Start of DATASET CONTENT

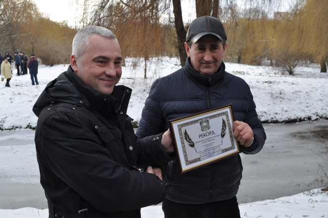 Новий рекорд з’явився у книзі рекордів Тернополя. Зокрема, у місті зафіксували наймасовіше занурення в ополонку в історії Тернополя. Відповідний серитфікат про встановлення рекорду заступник міського голови Леонід Бицюра передав керівнику тернопільського міського клубу любителів загартування і зимового плавання “Нептун” Богдану Поломацканичу.Нагадаємо, що зранку у Тернополі також почесними свідоцтвами нагородили 9-річного Наума Жильченка та-74 річного Михайла Федоровича Тихоновича. Вони стали наймолодшим та найстаршим “моржами” міста.
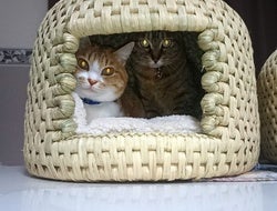 職人さんが2年かけて編んでくれた猫ちぐら!お気に入りの場所になりました!
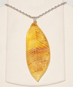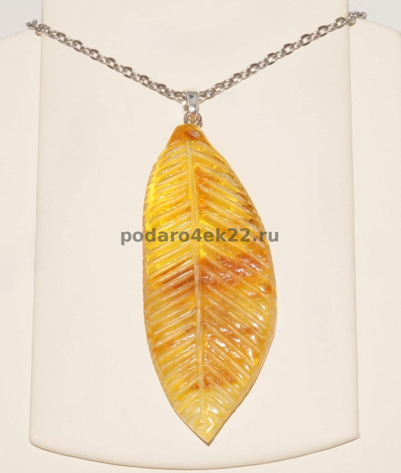 як-019. Крупный кулон Лист из янтаря с включениями.

End of DATASET CONTENT

Could each line of the data be written out exactly, with no pictures included?

■ **RESPONSE TO THIS EXERCISE**
 Новий рекорд з’явився у книзі рекордів Тернополя. Зокрема, у місті зафіксували наймасовіше занурення в ополонку в історії Тернополя. Відповідний серитфікат про встановлення рекорду заступник міського голови Леонід Бицюра передав керівнику тернопільського міського клубу любителів загартування і зимового плавання “Нептун” Богдану Поломацканичу.Нагадаємо, що зранку у Тернополі також почесними свідоцтвами нагородили 9-річного Наума Жильченка та-74 річного Михайла Федоровича Тихоновича. Вони стали наймолодшим та найстаршим “моржами” міста.
 職人さんが2年かけて編んでくれた猫ちぐら!お気に入りの場所になりました!
 як-019. Крупный кулон Лист из янтаря с включениями.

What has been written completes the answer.